Sunday, June 16, 2013

up and down acadia

today was my alone day at acadia national park, as none of my travel partners were up for the rugged hikes up the mountains.  in the morning i dropped mindy's dad of for a round of golf at Kebo golf course, then sent mindy and her mom out whale watching.  then i drove toward southwest harbor and acadia mountain.  i ditched the car near echo lake, laced up my shoes, grabbed my bag and a bottle of water and headed off.

everytime i enter the woods, whatever woods it may be, i breathe deep that first breath of cool air, rushing out from under the trees.  it's like a shot of energy, and a feeling like i'm on my own.  i love the idea that my safety lies in my ability to control my body and my mind at once.  over-excited, i quickly made my way up acadia mountain, pausing to take some pictures and draw a bit in my sketchbook.  at the top i took a short break and sat out on the edge of the granite cliff over-looking the sound and out into the ocean.  the wind was crisp and strong and it felt amazing to sit out there on the edge waving with the trees.  the descent was (as always) much more treacherous.  i passed several other hikers, all in sturdy hiking boots (i wear 4 oz-nothing-to-them running shoes), some with cross country ski poles, and none seemed to be moving very well.  i honestly can't imagine how many of them made it down the mountain, because i found the trails quite difficult, requiring a bit of agility and pretty good balance on the edge of cliffs.  walking poles had to only be burdensome.
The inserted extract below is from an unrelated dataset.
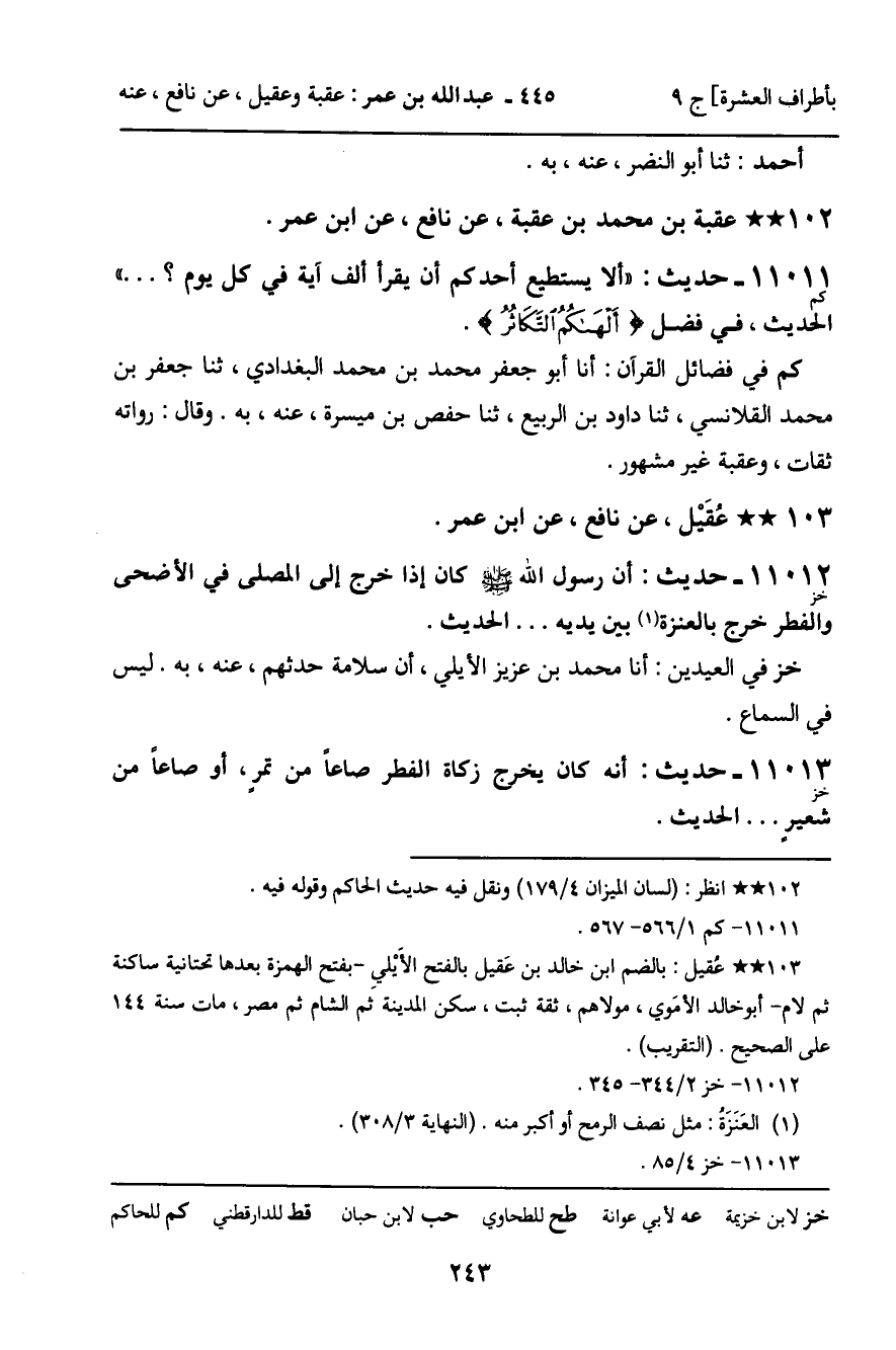 11011 - حَدِيثٌ (كم) : " أَلا يَسْتَطِيعُ أَحَدُكُمْ أَنْ يَقْرَأَ أَلْفَ آيَةٍ فِي كُلِّ يَوْمٍ؟ ... " الْحَدِيثَ، فِي فَضْلِ أَلْهَاكُمُ التَّكَاثُرُ [سورة: التكاثر، آية 1] . كم فِي فَضَائِلِ الْقُرْآنِ: أَنَا أَبُو جَعْفَرٍ مُحَمَّدُ بْنُ مُحَمَّدٍ الْبَغْدَادِيُّ، ثنا جَعْفَرُ بْنُ مُحَمَّدٍ الْقَلانِسِيُّ، ثنا دَاوُدُ بْنُ الرَّبِيعِ، ثنا حَفْصُ بْنُ مَيْسَرَةَ، عَنْهُ، بِهِ. وَقَالَ: رُوَاتُهُ ثِقَاتٌ، وَعُقْبَةُ غَيْرُ مَشْهُورٍ.

at the base of the mountain the trail split and i could choose to return to the car, or go up st. sauveur mountain.  there was a third choice, but the trail was closed for the nesting peregrine falcons.  i chose the mountian and it ended up being a more rugged climb than i had expected.  the trail to st. sauveur was mostly just a gully with all the washout rocks and tree limbs to climb up and through, and the top didn't have quite as good of views as acadia, but it kicked my ass.  i had to remind myself to keep picking my feet up so i didn't trip over any rocks or roots, but i was tired, and thankfully didn't trip on anything.  

i made my way back down the mountain, completely exhausted, and back to the car.  then i noticed that there was a little trail heading out to echo lake, so i decided i needed to check that out too.  besides, when would i have another chance.  i walked out to the ledge, took my shoes and socks off and stood on a mossy rock, knee deep in the refreshing water.  just what i needed after my several mile hike through the mountains.  i sat there for a bit just staring out over the water, amazed at its beauty.  then i hiked back up the hill, to the car, and back to the golf course to pick up my father-in-law.  we ate a burger and drank a beer (beer is always best after you've just thrashed your body and mind with this kind of experience).  then headed back to the hotel.

i am dead tired and sore as hell but it was beyond worth the trip.  i got to see some of the most amazing parts of the park, saw only a few people and got to be seemingly alone in the woods for the better part of my morning.  it was exhilarating, and things like this always make me feel more connected to life, and less concerned about what i should do with mine.